WHAT YOU NEED TO DO:
Could you print the listing again exactly, omitting the pictures?

ENTRIES PROVIDED:
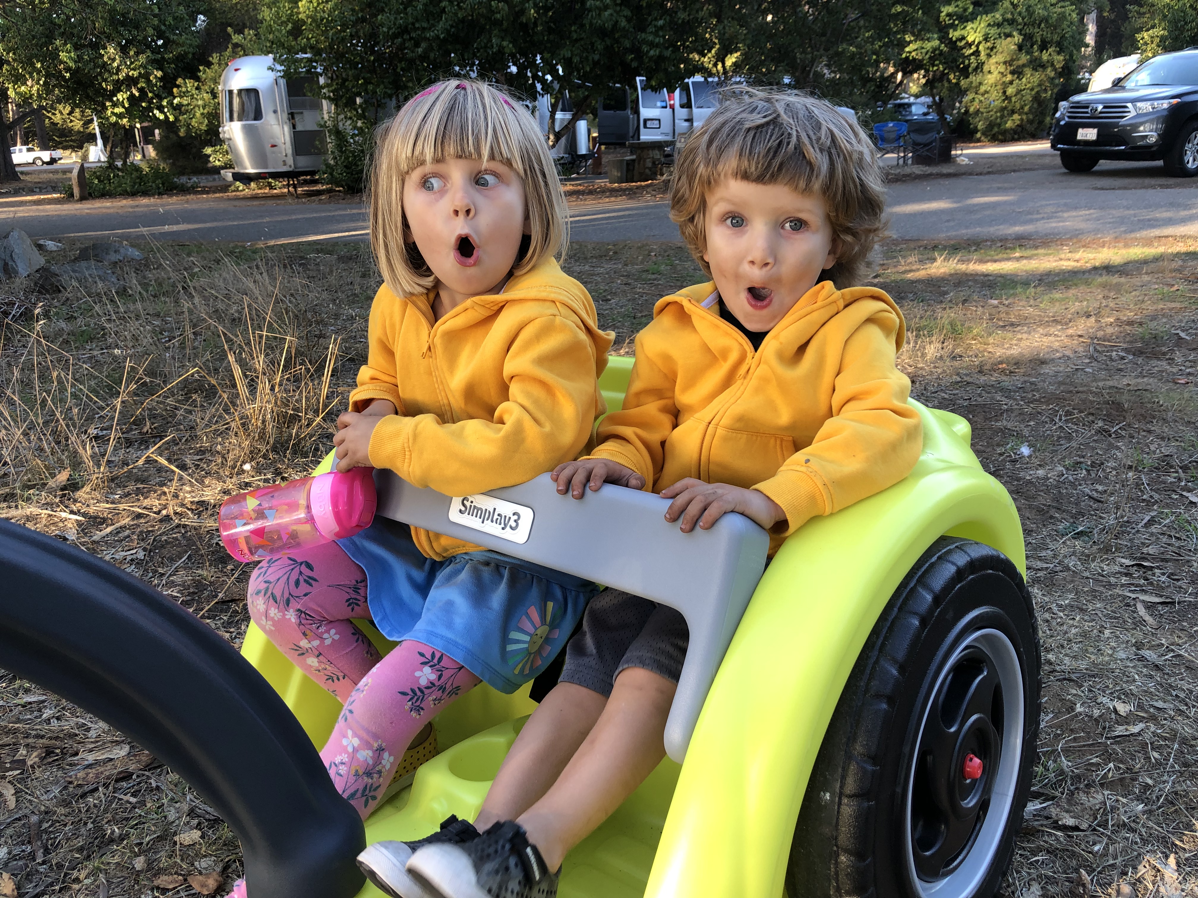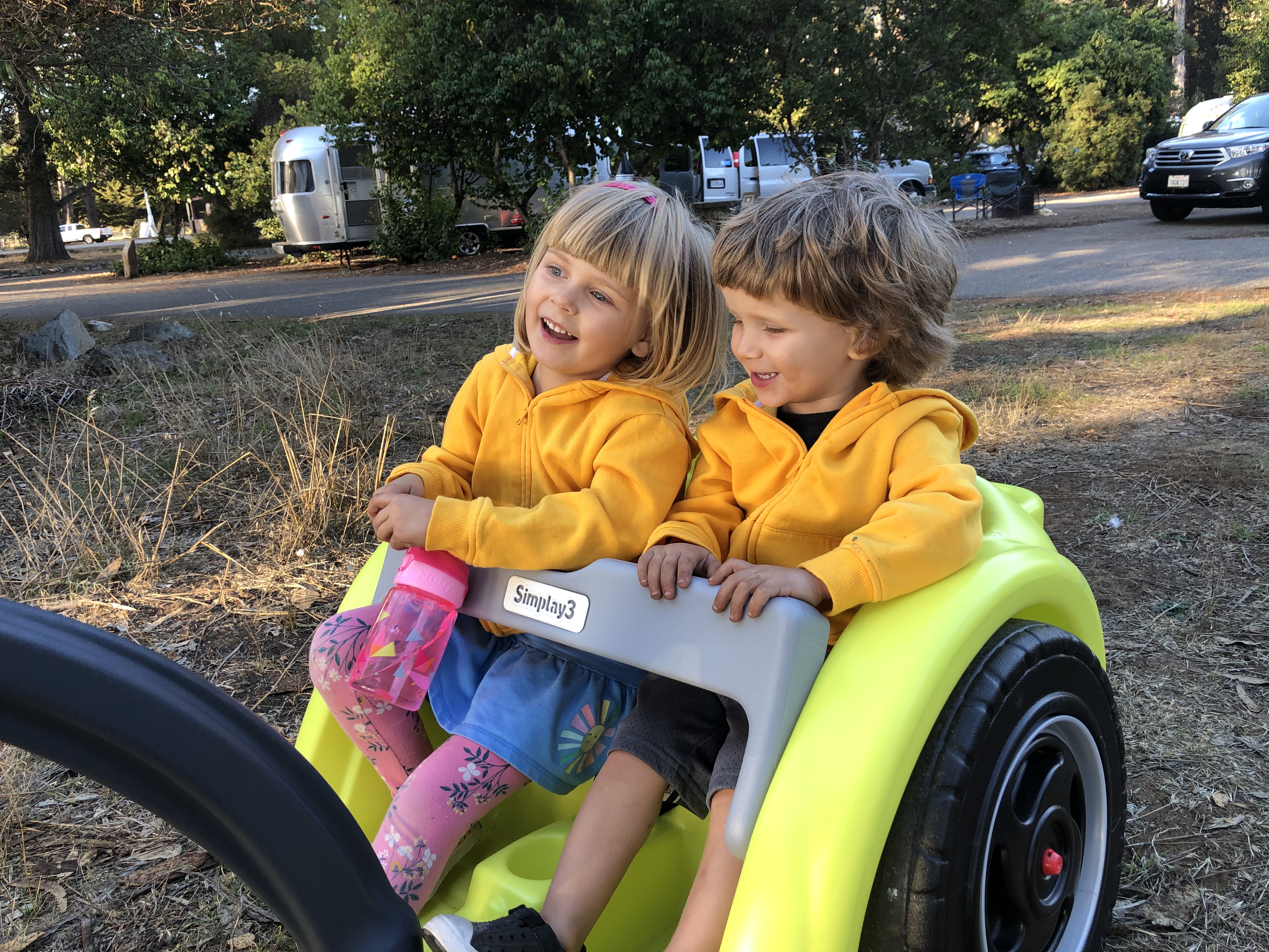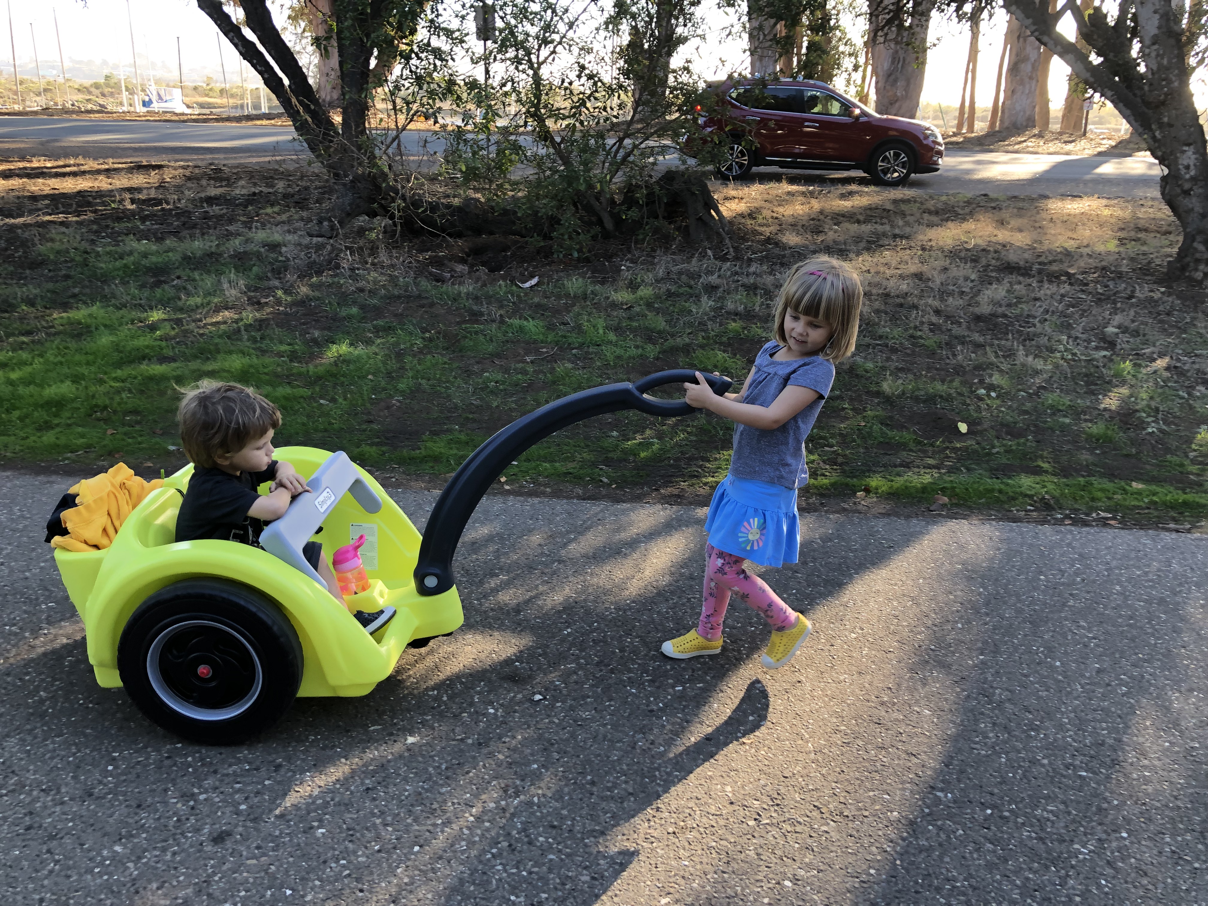 At age 2 and 4, the kids and I just started to ditch the stroller for our outdoor walks, which is a major milestone. I was never big on stroller walks anyway, because when the kids were smaller they would always whine for snacks and water cups (and toss said cups on the ground). So the walks were SUPER SLOW, and kind of drove me crazy. So then came the plastic push-bike era, which was handy for wrangling the baby but big sis got jelly and two kids didn’t fit on one bike, and I couldn’t push two by myself.
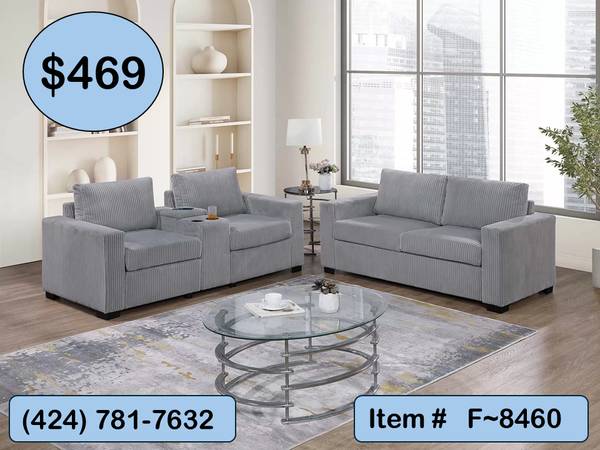 F~8460: Light Gray Sofa w/ Cup Holders & Console + Love Seat ~ $469
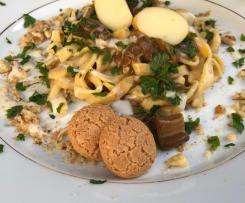 "coperchio chiuso" sporco mettere la scamorza e tritare 5 sec vel 7.Aggiungere il latte il burro la farina il sale e il pepe cuocere 9 min 90° vel 4. - Calare la pasta nella pentola con l'acqua aggiungendo un filo d'olio per non farla attaccare cuocere pochi minuti (circa 4min) e scolare.Condire la pasta con meta` della besciamella di scamorza e metà del sugo di funghi, disporre su un piatto da portata e irrorare con la restante besciamella e sugo di funghi, spolverizzate con il prezzemolo tritato le noci e gli amaretti sbriciolati.Buon Appetito 🥰
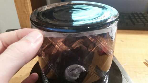 Usando cinta adhesiva más doble cara, aplicar un borde alrededor de la parte superior e inferior de la vasija una transición agradable desde el vaso a los negativos.
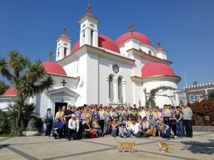 22.02 wyruszyliśmy do Kany Galiliejskiej, gdzie po drobnych zakupach celebrowaliśmy Mszę św., w czasie której małżonkowie odnowili swoje ślubne przysięgi i zakupili stosowne certyfikaty potwierdzające ten fakt. Po zobaczeniu kamiennych stągwi wyruszyliśmy nad Jezioro Galilejskie, gdzie podziwialiśmy mozaiki w Tabgha, przeżyliśmy wspaniały rejs ze Słowem Bożym, wspólnym śpiewem i zabawą. Następnie pojechaliśmy do Kościoła Prymatu Piotra, do Kafarnaum, gdzie obok ruin Synagogi i domu św. Piotra podziwialiśmy także piękną Cerkiew, a obok niej fotogeniczne pawie i koty.
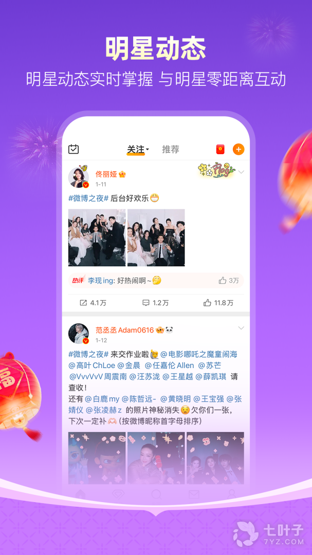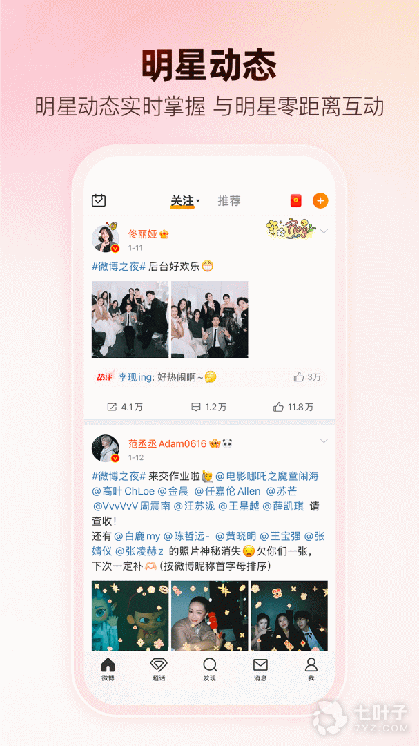 明星、大V的最新动态,加关注便可第一时间看到喜爱博主动态
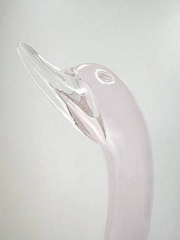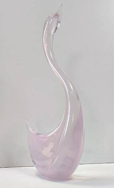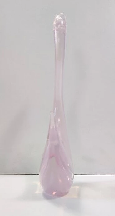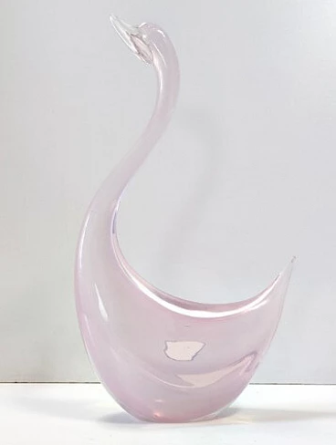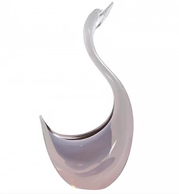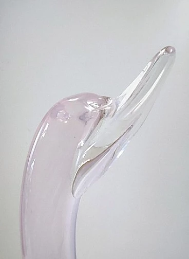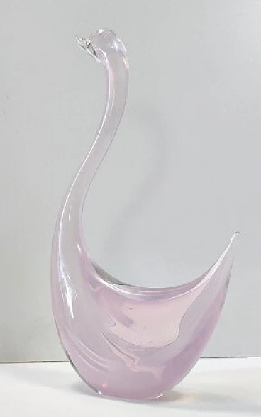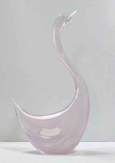 Cigno in vetro di Murano sommerso rosa di Elio Raffaeli, anni '80
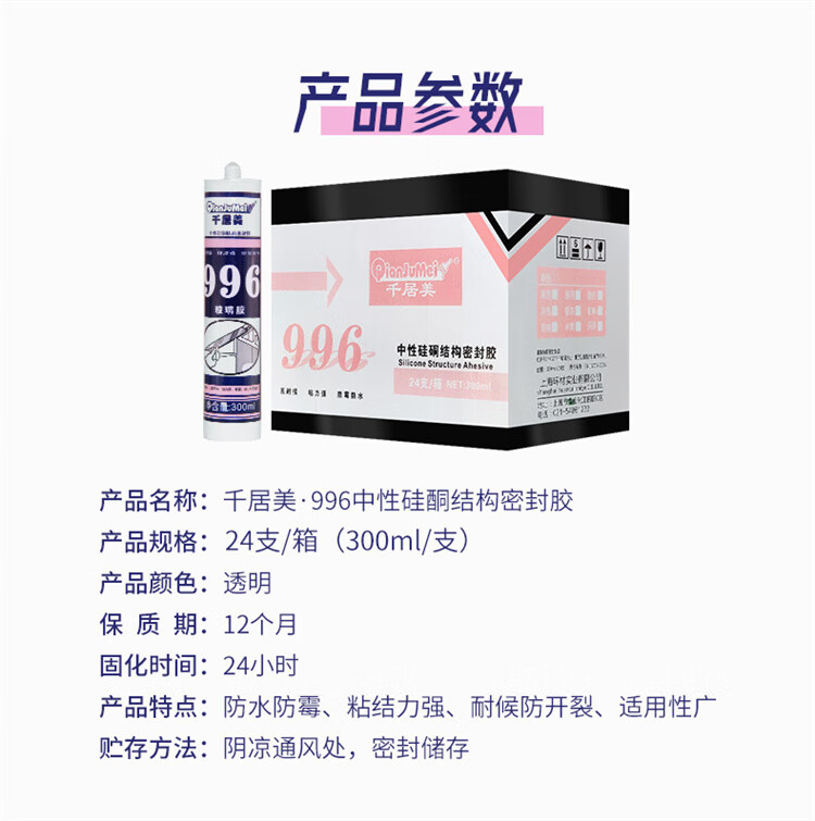 【996玻璃膠透明色1箱-24支】

FINISHED TASK:
 At age 2 and 4, the kids and I just started to ditch the stroller for our outdoor walks, which is a major milestone. I was never big on stroller walks anyway, because when the kids were smaller they would always whine for snacks and water cups (and toss said cups on the ground). So the walks were SUPER SLOW, and kind of drove me crazy. So then came the plastic push-bike era, which was handy for wrangling the baby but big sis got jelly and two kids didn’t fit on one bike, and I couldn’t push two by myself.
 F~8460: Light Gray Sofa w/ Cup Holders & Console + Love Seat ~ $469
 "coperchio chiuso" sporco mettere la scamorza e tritare 5 sec vel 7.Aggiungere il latte il burro la farina il sale e il pepe cuocere 9 min 90° vel 4. - Calare la pasta nella pentola con l'acqua aggiungendo un filo d'olio per non farla attaccare cuocere pochi minuti (circa 4min) e scolare.Condire la pasta con meta` della besciamella di scamorza e metà del sugo di funghi, disporre su un piatto da portata e irrorare con la restante besciamella e sugo di funghi, spolverizzate con il prezzemolo tritato le noci e gli amaretti sbriciolati.Buon Appetito 🥰
 Usando cinta adhesiva más doble cara, aplicar un borde alrededor de la parte superior e inferior de la vasija una transición agradable desde el vaso a los negativos.
 22.02 wyruszyliśmy do Kany Galiliejskiej, gdzie po drobnych zakupach celebrowaliśmy Mszę św., w czasie której małżonkowie odnowili swoje ślubne przysięgi i zakupili stosowne certyfikaty potwierdzające ten fakt. Po zobaczeniu kamiennych stągwi wyruszyliśmy nad Jezioro Galilejskie, gdzie podziwialiśmy mozaiki w Tabgha, przeżyliśmy wspaniały rejs ze Słowem Bożym, wspólnym śpiewem i zabawą. Następnie pojechaliśmy do Kościoła Prymatu Piotra, do Kafarnaum, gdzie obok ruin Synagogi i domu św. Piotra podziwialiśmy także piękną Cerkiew, a obok niej fotogeniczne pawie i koty.
 明星、大V的最新动态,加关注便可第一时间看到喜爱博主动态
 Cigno in vetro di Murano sommerso rosa di Elio Raffaeli, anni '80
 【996玻璃膠透明色1箱-24支】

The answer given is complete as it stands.